Kaffe Matthews has announced her first solo album since 2003's Eb + Flo. Released on 10 April via the Brighton based label Objects Limited, Foreigner was composed on an Italian accordion organ that Matthews found in a second-hand shop in Belgium.

She talks to Clive Bell about returning to solo recordings with the newfound ELKA 400, relaunching Annette Works and Berlin's community spirit.

Clive Bell: The new album is like a love letter to the ELKA 400 organ.

Kaffe Matthews: So it’s actually an Italian accordion organ. There seems to be no information about this model at all online. I found it by chance when I was in Ghent making a new Sonic Bike piece. It was pouring with rain and we dropped into this second-hand shop. There it was at the back – I asked the guy to switch it on and I found the ‘Drawbars’ sound, like a sine tone. There was something exciting about it, you could just press down a key and the note came out without having to do any labour. Being a string player, that’s why keyboard instruments never appealed to me, because I’d never found the struggle.

Keyboards are too easy.

But if you combine the notes then you’ve got this other way of creating, which is to really get involved in the listening as you’re playing.

Is the whole album purely that organ? There’s no feedback or distortion?

No. I have an idea for a composition, then I play notes and chords, and I combine them in the computer.

And did you have the title Foreigner before you started?

No, it kind of came later. I had been asked to do a performance one evening in Berlin, in a place called Labor Sonor, where you’re invited to do things you haven’t done before. I thought, Kaffe, this is your chance to get this organ out. I’d had it a few years but I’d never made the time to explore it. At the same time I had just moved to Berlin, and I realised in all my years of travelling I’ve never actually been the foreigner – the immigrant – trying to set up home in a country that’s not where I was born. Even though it’s Europe and I have all this privilege, it’s still a culture that’s very different to the UK. Simple sonification of words is something I’ve been using for a while, so I made a scale from the word ‘foreigner’.

It’s your first solo record for quite a long time.

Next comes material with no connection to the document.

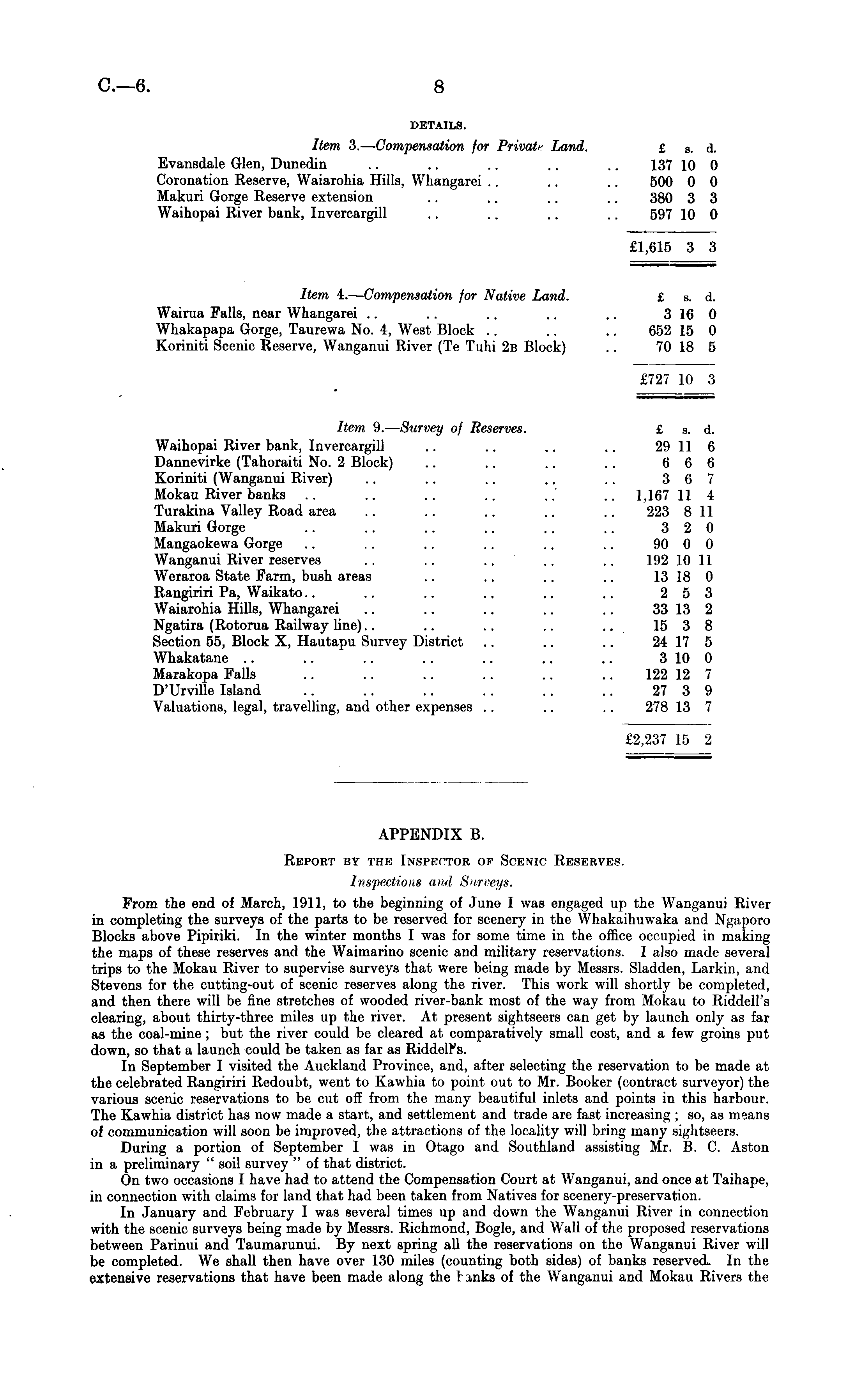 APPENDIX B. Report by the Inspector of Scenic Reserves. Inspections and Surveys. From the end of March, 1911, to the beginning of June I was engaged up the Wanganui River in completing the surveys of the parts to be reserved for scenery in the Whakaihuwaka and Ngaporo Blocks above Pipiriki. In the winter months I was for some time in the office occupied in making the maps of these reserves and the Waimarino scenic and military reservations. I also made several trips to the Mokau River to supervise surveys that were being made by Messrs. Sladden, Larkin, and Stevens for the cutting-out of scenic reserves along the river. This work will shortly be completed, and then there will be fine stretches of wooded river-bank most of the way from Mokau to Riddell's clearing, about thirty-three miles up the river. At present sightseers can get by launch only as far as the coal-mine ; but the river could be cleared at comparatively small cost, and a few groins put down, so that a launch could be taken as far as RiddelFs. In September I visited the Auckland Province, and, after selecting the reservation to be made at the celebrated Rangiriri Redoubt, went to Kawhia to point out to Mr. Booker (contract surveyor) the various scenic reservations to be cut off from the many beautiful inlets and points in this harbour. The Kawhia district has now made a start, and settlement and trade are fast increasing ; so, as means of communication will soon be improved, the attractions of the locality will bring many sightseers. During a portion of September I was in Otago and Southland assisting Mr. B. C. Aston in a preliminary " soil survey " of that district. On two occasions I have had to attend the Compensation Court at Wanganui, and once at Taihape, in connection with claims for land that had been taken from Natives for scenery-preservation. In January and February I was several times up and down the Wanganui River in connection with the scenic surveys being made by Messrs. Richmond, Bogle, and Wall of the proposed reservations between Parinui and Taumarunui. By next spring all the reservations on the Wanganui River will be completed. We shall then have over 130 miles (counting both sides) of banks reserved. In the extensive reservations that have been made along the hinks of the Wanganui and Mokau Rivers the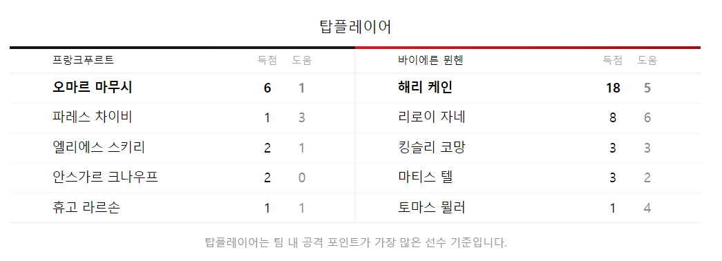 ✅️ 바이에른 뮌헨과 프랑크푸르트 탑플레이어는 해리케인 선수, 오마르 마무시 선수이며, 각각 18골과 6골을 기록하고 있습니다.

I know! I was horrified to realise it’s my first solo since 2003 [Eb + Flo]. If you’re wondering why there’s been such a gap, essentially I stopped making CDs because my solo practice was so much about working with the space, that I was no longer interested in making stereo music. I was making Sonic Beds with twelve channels, and my performances were always four channels. The four channel thing was becoming more important, and I thought I would dispense with CDs and move onto DVDs. If you recall, around that time we all started to think, hey, DVDs will be the next medium. And it just never took off. Then I went off on a tangent with the Sonic Beds, and after that from 2008 the Sonic Bicycles. It’s only last year that it became clear to me – that’s why Berlin makes sense for me now. There are so many people here making all kinds of music. It feels that community is much more visible here [than in London], much larger and more present. And it exists as a community, we really see each other. It’s very open, very mixed in terms of approaches, and there are high levels of skill everywhere. And a lot of music is being made that’s new, challenging and ultimately stereo. That made me realise I want to get on stage and make stereo music again. So good old Annette Works [Matthews’s own label] is going to get relaunched.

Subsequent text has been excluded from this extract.